Seja no plano federal ou estadual, não se discutem metas objetivas de redução que, por mais arbitrárias que possam ser, permitiriam um planejamento e uma avaliação real de desempenho das ações do Estado. A questão que se coloca para a sociedade brasileira é a seguinte: qual é o patamar de desmatamento aceitável para a Amazônia?
Os aumentos nas taxas revelados em todos os Estados, exceto Mato Grosso e Rondônia, revelam que um Plano Nacional de Combate aos Desmatamentos deve necessariamente envolver um planejamento e uma forte articulação sub-regional com os órgãos estaduais e até mesmo municipais em alguns casos mais escandalosos, como em São Felix do Xingu (PA), o município recordista na derrubada de árvores pelo quinto ano consecutivo. Não basta uma ação federal.

Desde o início da execução do plano, as principais medidas vêm sendo realizadas pelo governo federal com baixo, se não nulo, envolvimento dos Estados.

Inexiste uma instância pública aberta à participação da sociedade que possa periodicamente monitorar a evolução das ações do plano, avaliar os resultados e apontar as correlações de causa e efeito com base em indicadores objetivos e informações qualificadas oferecidas pelos próprios órgãos públicos.
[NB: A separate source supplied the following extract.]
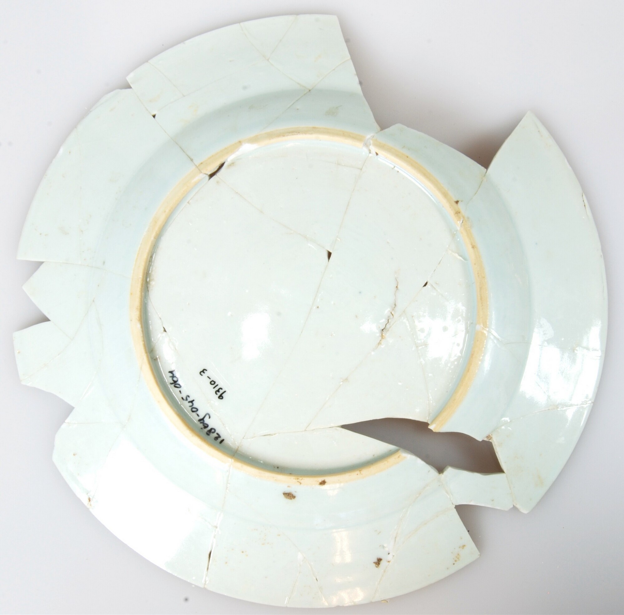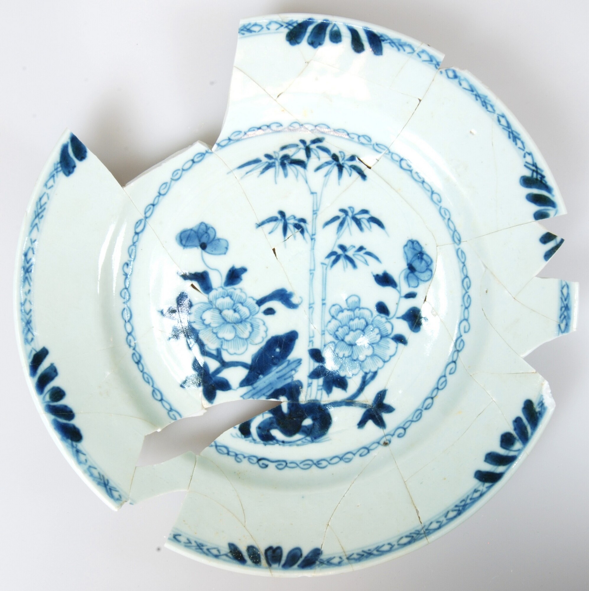 Bord; p-bor-5; porselein; veldspaatglazuur/kobaltoxide; onderglazuur blauw; spiegel: chrysant en andere bloemen, vlag: bloemen in 'Kakiemon'-dessin; standring; archeologisch compleet; herkomst: China;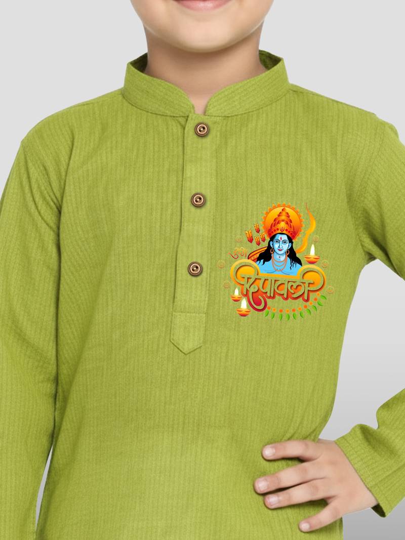 Product Name | Olive Green Cotton Printed Kurta Set With White Pyjama Diwali Special | |

Inexiste ambiente e momentos de avaliação, independente das ações de combate aos desmatamentos, com o objetivo de priorizar aquelas que demonstrem trazer resultados efetivos de curto prazo e fortalecer as de longo prazo. No final do ano passado, o governo ensaiou uma avaliação
( http://www.socioambiental.org/nsa/detalhe?id=2170), mas por falta de informações previamente disponibilizadas às organizações convidadas, ela não aconteceu e nada mais foi dito a respeito.

Ainda no ano passado, durante Reunião Extraordinária do Conselho Nacional de Meio Ambiente (Conama), ocorrida em Cuiabá, no Mato Grosso, foi recomendado pelo ISA a criação de um grupo de trabalho para avaliação das ações do plano, que até agora não foi instituído. Embora haja redução significativa do ritmo do desmatamento no Mato Grosso e considerável em Rondônia, em todos os demais estados a tendência de queda foi revertida, mesmo em momento de crise no agronegócio. Quais são as razões efetivas para esse aumento em cada um dos Estados? Não é possível uma avaliação mais detalhada do fenômeno para aprimorar as ações do governo federal e responsabilizar efetivamente os governos estaduais?

Discutem-se secundariamente instrumentos econômicos para apoiar a conservação de florestas em terras privadas, mas pouco de concreto se faz. Embora o Plano Safra 2006-2007 preveja um diferencial adicional de recursos (15%) para os agricultores que comprovarem cumprir a legislação ambiental, o volume total de financiamentos efetivamente disponíveis ainda está muito abaixo do previsto para os que nenhum compromisso têm em relação aos padrões ambientais. Portanto, o incentivo é quase nulo.

Conclusões urgentes precisam ser tiradas dessa genérica reversão de tendência, em tempo para replanejar as ações para o ano que vem. O grande temor é que, mesmo com o reconhecimento da importância das ações do Plano de Combate aos Desmatamentos que efetivamente foram colocadas em prática, em uma futura e desejada retomada do agronegócio brasileiro, tenhamos que tirar conclusões mais comprometedoras não somente para o Governo, mas principalmente para a sociedade brasileira.